"A man, who started work in 1990, planned an investment for his retirement in 2030 in the following way. On the first day of each year, from 1990 to 2029 inclusive, he is to place £100 in an investment account. The account pays 10% compound interest per annum, and interest is added on the 31st December of each year of the investment. Calculate the value of his investment on 1st January 2030."
I understand that this follows a GP. At the end of 1990, he has $£100(1.1)$, at the end of 1991 he has $£100(1.1)(1.1)=£100(1.1)^2$ and so on till the end of 2029.

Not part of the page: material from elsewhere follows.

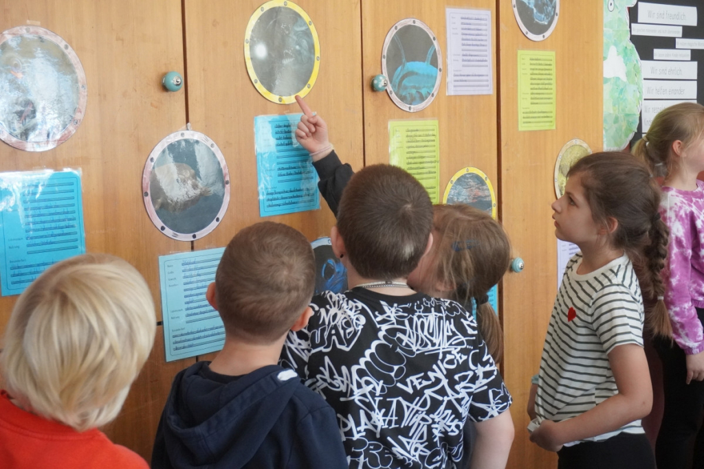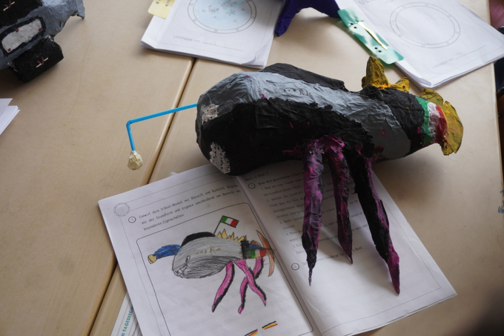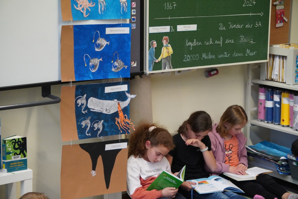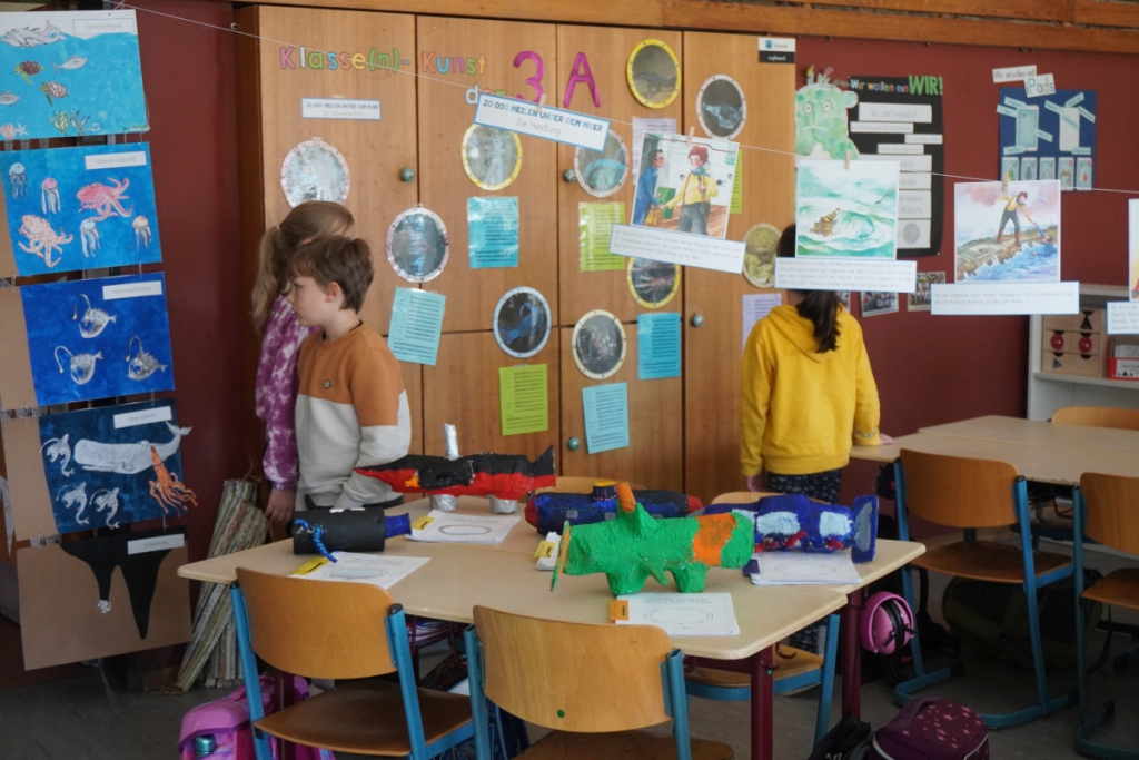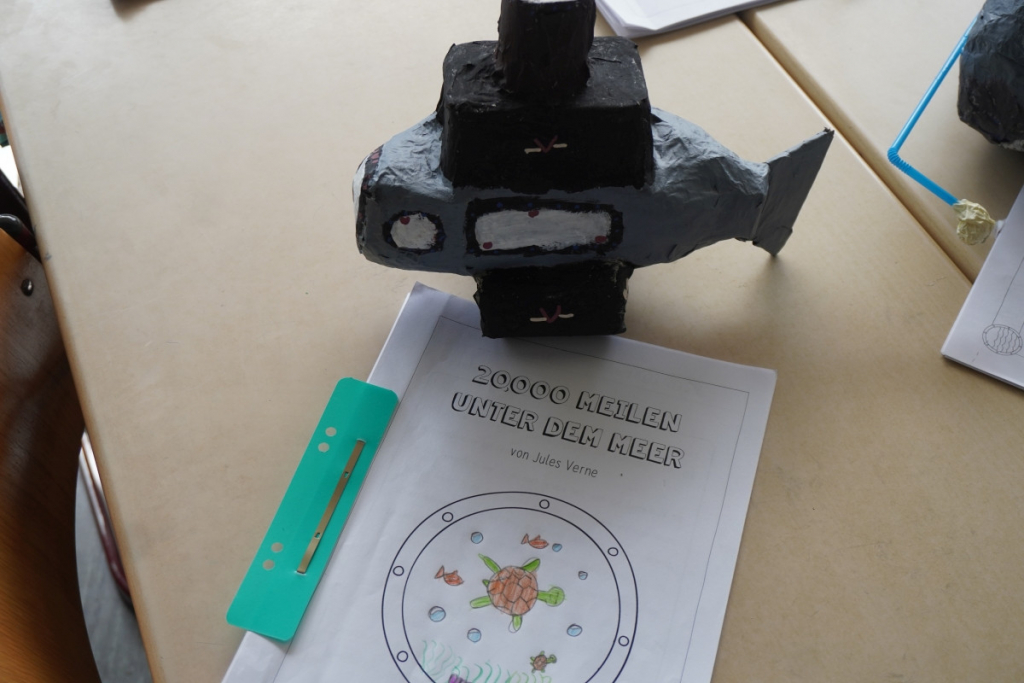 Die Kinder der Klasse 3a begaben sich auf ein Abenteuer in, über und unter den Meeren: Sie begleiteten Kapitän Nemo, Professor Aronnax und dessen Assistenten Ned Land auf ihrer abenteuerlichen Reise „20.000 Meilen unter dem Meer“. Der Literaturklassiker von Jules Vernes weckte ihre Leselust und war Anlass, um sich aus der Literatur hinaus kreativ mit Meereswissen und Meeresschutz auseinanderzusetzen.

I managed to get the answer but wasn't satisfied with my method. Firstly, how do you work out the number of years inclusive, between a particular year and another, at least in an intuitive manner? Also with something like how many days are between 2 dates, or how many terms there are between a part of a series?
Also how can I do this in a formulated manner? I had to do this written out with end year 1, end year 2 etc. The regular GP formula doesn't work and I can appreciate why, sort of. Could a formula be used from the start of year 1?
Cheers
Here we want the value of the investment on 31st December 2029, which will be the same as the value on the 1st Jan 2030
So you start with...
On 31st Dec 1990, the value of his investment is $100\times 1.1$
On 31st Dec 1991 the value is $(100\times1.1+100)\times 1.1$
On 31st Dec 1992 the value is $((100\times1.1+100)\times1.1+100)\times 1.1$
This is the same as $100\times1.1(1+1.1+1.1^2)$
Clearly this is a GP with three terms. We can infer that
On 31st Dec 2029 the value is $100\times1.1(1+1.1+1.1^2+...+1.1^{39})$ which is a GP with $40$ terms, so the total is $$100\times1.1\times\frac{1.1^{40}-1}{1.1-1}$$
Note that we can count the number of £100 payments by doing $2029-1990+1$.